Вчера днем Творогов стоял на лестничной площадке в институте, ожидая Лену Куприну, чтобы вместе с ней отправиться в буфет, когда мимо него прошел Краснопевцев. Он что-то говорил, бормотал невнятно, и Творогов, думая, что Федор Тимофеевич обращается к нему, тоже сделал шаг навстречу, но сразу понял, что ошибся, — Краснопевцев разговаривал сам с собой. Федор Тимофеевич начал было спускаться вниз по лестнице, тяжело опираясь на свою знаменитую палку, но вдруг, словно спохватившись, словно вспомнив что-то важное, оглянулся, увидел Творогова и подошел к нему.
— Я давно уже собираюсь спросить вас, да все как-то не было удобного случая… — Его крупное, оплывшее лицо придвинулось вплотную, глаза мигали по-стариковски часто, близоруко всматриваясь в Творогова. И хотя на лестнице было прохладно, маленькие капельки пота рассыпались по подбородку и над верхней губой Краснопевцева. Эти блестящие частые капельки особенно поразили тогда Творогова: позже, когда вставало перед ним лицо Краснопевцева, он видел его именно таким — с блестящей россыпью пота.
— Я давно уже собираюсь спросить вас, не объясните ли вы мне, дорогой Константин Александрович, за что это Евгений Николаевич так невзлюбил вашего покорного слугу? Что я ему сделал дурного? В чем причина? Уж что-что, а общий язык с молодежью я, кажется, всегда умел находить. Может быть, я невзначай обидел его чем-то, а?
— Да нет, Федор Тимофеевич, что вы! — сказал Творогов.
Что мог он еще сказать? Как мог он объяснить Краснопевцеву, что дело здесь вовсе не в личной неприязни и не в каких-то действительных или мнимых обидах, что все куда глубже и серьезнее? Просто Синицын убежден, что Краснопевцев давно уже пережил себя как ученый. Мог ли Творогов сейчас объяснить это Федору Тимофеевичу?..

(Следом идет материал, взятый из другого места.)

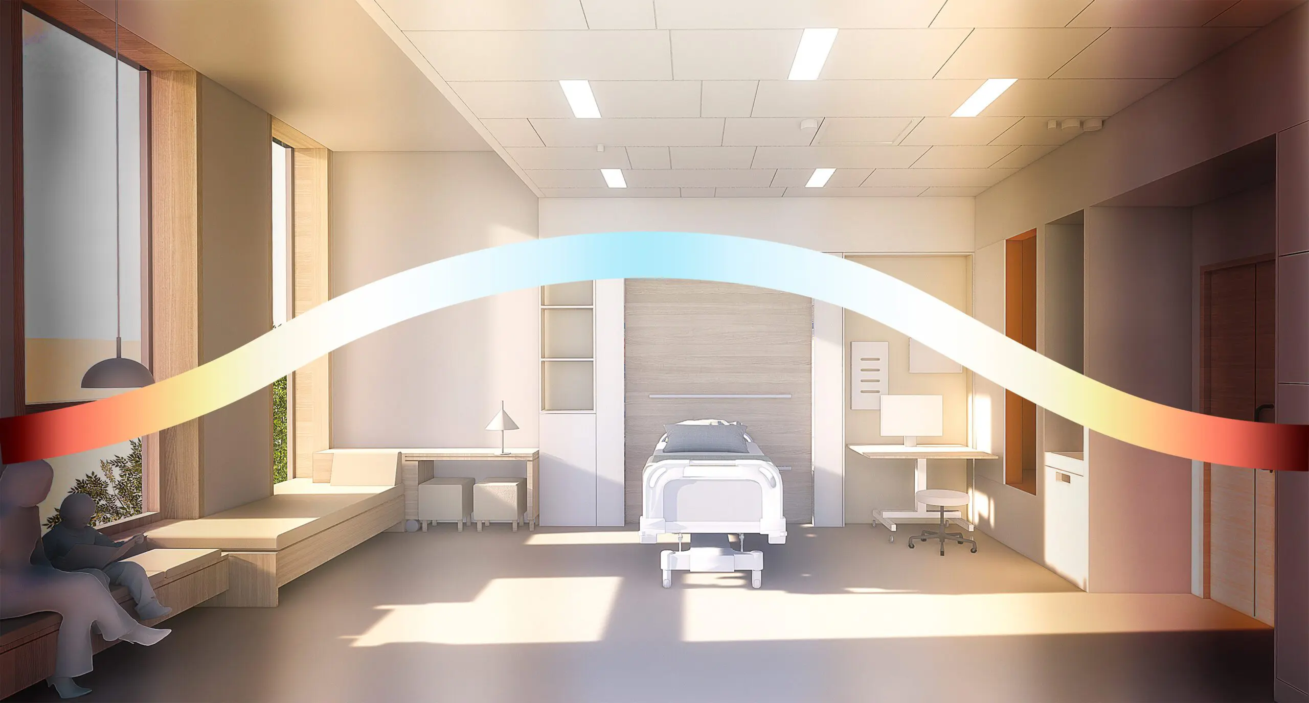 Eine Krankheit oder ein Krankenhausaufenthalt kann mit Schmerzen, Stress und Angst verbunden sein, was den Schlafrhythmus der Patienten stören kann. Zirkadiane Beleuchtung und Nachtbeleuchtung können die Hormonproduktion unterstützen, die sich auf den zirkadianen Rhythmus auswirkt und zu einem regelmäßigen und tiefen Schlaf beitragen kann. Schlaf und Ruhe sind für die Genesung und Heilung der Patienten von entscheidender Bedeutung.

— Ну что ж… — Краснопевцев хотел сказать еще что-то, но только задышал тяжело, закашлялся, бледность вдруг проступила на обычно багровом его лице. Он вяло махнул рукой и пошел прочь, высоко вскидывая палку, на которой отчетливо поблескивала серебряная монограмма…
— Ну а ты? Ты что мне скажешь? — настойчиво спрашивал Синицын. — Ты что надумал? У тебя ведь было достаточно времени, чтобы подумать. — Насмешливые нотки прозвучали в его голосе, когда он произносил последнюю фразу — мол, он-то заранее, без особого труда мог предсказать, к какому решению пришел Творогов.

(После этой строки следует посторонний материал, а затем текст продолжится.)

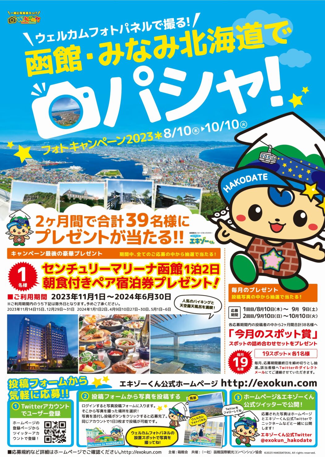 函館観光イメージキャラクター「エキゾーくん」のウェルカムフォトパネルで写真を撮って応募できるキャンペーンが開催中!2か月間で合計39名様にプレゼントが当たります。キャンペーン最後の豪華プレゼントとしてセンチュリーマリーナ函館1泊2日朝食付きペア宿泊券のプレゼントも♪

Напрасно выбрал тогда Женька Синицын такой тон. Напрасно воображал, будто решение легко далось Творогову, будто существовало оно уже в его голове, готовенькое и единственное, — за чем же дело стало, только достойно обосновать его и облечь в надлежащую форму. Хотя была здесь доля истины, была, не хотел Творогов кривить душой перед самим собой — он с самого начала знал, каким будет его ответ, и мучился, страдал от этого своего знания. Пожалуй, именно в эти дни он с такой горькой ясностью почувствовал, осознал, как много значила для него Женькина дружба, как дорого было ему ощущение их духовной близости, как любил он этого человека. Никогда прежде он даже не представлял, что мысль о том — одна только мысль, — что они потеряют друг друга, может причинять ему такую боль. Но согласись он с Женькой, уступи ему сейчас ценой собственных убеждений, пожертвуй ими, — разве не попадет он тогда в полную зависимость от Женьки, разве не утеряет свое «я»; и будет ли он тогда интересен тому же Синицыну? Сможет ли подобной ценой сохранить их дружбу? Разные одолевали его мысли. Сумбур, лихорадка — точнее, пожалуй, трудно было определить его тогдашнее состояние…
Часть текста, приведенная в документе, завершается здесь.